其中 a(i, j) 是网格中 (i, j) 处的值，smallest (x, y) 返回 x 和 y 之间较小的字典字符串。 + 连接两个字符串，sort(str) 按词法顺序对字符串 str 进行排序。

重复的基本情况是：

1	f(N, M) = a(N, M)

i = N 或 j = M 时的重复频率也会发生变化(确保你看到了)。

考虑以下用 C++ 编写的代码：

1
2
3
4
5
6
7
8
9
10
11
12
13
14
15
16
17
18
19
20
21
22
23
24
25
26
27
28
29
30
31
32
33
34
35
36
37
38
39
40
41
42

//-- the 200 is just the array size. It can be modified

string a[200][200]; //-- represent the input grid
string f[200][200]; //-- represent the array used for memoization
bool calculated[200][200]; //-- false if we have not calculate the value before, and true if we have
int N = 199, M = 199; //-- Number of rows, Number of columns

//-- sort the string str and return it
string srt(string &str){
sort(str.begin(), str.end());
return str;
}

//-- return the smallest of x and y
string smallest(string & x, string &y){
for (int i = 0; i < x.size(); i++){
if (x[i] < y[i]) return x;
if (x[i] > y[i]) return y;
}
return x;
}

string solve(int i, int j){
if (i == N && j == M) return a[i][j]; //-- if we have reached the buttom right cell (I assumed the array is 1-indexed
if (calculated[i][j]) return f[i][j]; //-- if we have calculated this before
string ans;
if (i == N) ans = srt(a[i][j] + solve(i, j + 1)); //-- if we are at the buttom boundary
else if (j == M) ans = srt(a[i][j] + solve(i + 1, j)); //-- if we are at the right boundary
else ans = srt(a[i][j] + smallest(solve(i, j + 1), solve(i + 1, j)));
calculated[i][j] = true; //-- to fetch the calculated result in future calls
f[i][j] = ans;
return ans;
}

string calculateSmallestPath(){
return solve(1, 1);
}

相关讨论

如果没有数字重复，也可以在O (NM log (NM))中实现。

直觉：

假设我将左上角 (a,b) 和右下角 (c,d) 的网格标记为 G(a,b,c,d)。由于您必须在对路径进行排序后获得按字典顺序排列的最小字符串，因此目标应该是每次在 G 中找到最小值。如果达到了这个最小值，比如说，(i,j)，那么 G(i,b,c,j) 和 G(a,j,i,d) 对于我们的下一个最小值(对于路径)的搜索将变得无用。也就是说，我们想要的路径的值永远不会在这两个网格中。证明？如果遍历这些网格中的任何位置，我们都不会达到 G(a,b,c,d) 中的最小值((i,j) 处的那个)。

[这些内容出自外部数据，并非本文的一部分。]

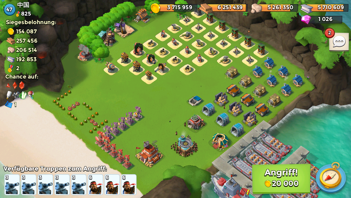 Der Chinese hat blinkene Blaue und das HQ am Strand.

而且，如果我们避免 (i,j)，我们构建的路径不可能是字典最小的。

enter

1
2
3
4
5
6
7
8
9
10
11
12
13
14
15
16
17
18
19
20
21
22
23

for each val in sorted key set S do
(i,j) <- Dict(val)
Grid G <- Root(T)
do while (i,j) in G
if G has no child do
G.left <- G(a,b,i,j)
G.right <- G(i,j,c,d)
else if (i,j) in G.left
G <- G.left
else if (i,j) in G.right
G <- G.right
else
dict(val) <- null
end do
end if-else
end do
end for
for each val in G(1,1,m,n)
if dict(val) not null
solution.append(val)
end if
end for
return solution

Java 代码：

1
2
3
4
5
6
7
8
9
10
11
12
13
14
15
16
17
18
19
20
21
22
23
24
25
26
27
28
29
30
31
32
33
34
35
36
37
38
39
40
41
42
43
44
45
46
47
48
49
50
51
52
53
54
55
56
57
58
59
60
61
62

class Grid{
int a, b, c, d;
Grid left, right;
Grid(int a, int b, int c, int d){
this.a = a;
this.b = b;
this.c = c;
this.d = d;
left = right = null;
}
public boolean isInGrid(int e, int f){
return (e >= a && e <= c && f >= b && f <= d);
}
public boolean hasNoChild(){
return (left == null && right == null);
}
}
public static int[] findPath(int[][] arr){
int row = arr.length;
int col = arr[0].length;
int[][] index = new int[row*col+1][2];
HashMap<Integer,Point> map = new HashMap<Integer,Point>();
for(int i = 0; i < row; i++){
for(int j = 0; j < col; j++){
map.put(arr[i][j], new Point(i,j));
}
}
Grid root = new Grid(0,0,row-1,col-1);
SortedSet<Integer> keys = new TreeSet<Integer>(map.keySet());
for(Integer entry : keys){
Grid temp = root;
int x = map.get(entry).x, y = map.get(entry).y;
while(temp.isInGrid(x, y)){
if(temp.hasNoChild()){
temp.left = new Grid(temp.a,temp.b,x, y);
temp.right = new Grid(x, y,temp.c,temp.d);
break;
}
if(temp.left.isInGrid(x, y)){
temp = temp.left;
}
else if(temp.right.isInGrid(x, y)){
temp = temp.right;
}
else{
map.get(entry).x = -1;
break;
}
}

}
int[] solution = new int[row+col-1];
int count = 0;
for(int i = 0 ; i < row; i++){
for(int j = 0; j < col; j++){
if(map.get(arr[i][j]).x >= 0){
solution[count++] = arr[i][j];
}
}
}
return solution;
}

空间复杂度由维护字典 - O(NM) 和树 - O(N+M) 构成。总体：O(NM)

填充然后排序字典的时间复杂度 - O(NM log(NM));用于检查每个 NM 值的树 - O(NM log(N+M))。总体 - O(NM log(NM)).

当然，如果值重复，这将不起作用，因为那时我们将有多个 (i,j) 用于网格中的单个值，并且选择将不再满足贪婪的决定接近。

其他仅供参考：与我之前听到的类似问题有一个额外的网格属性 - 没有重复的值，数字来自 1 to NM。在这种情况下，复杂性可能会进一步降低到 O(NM log(N+M))，因为您可以简单地将网格中的值用作数组的索引，而不是字典(这不需要排序。)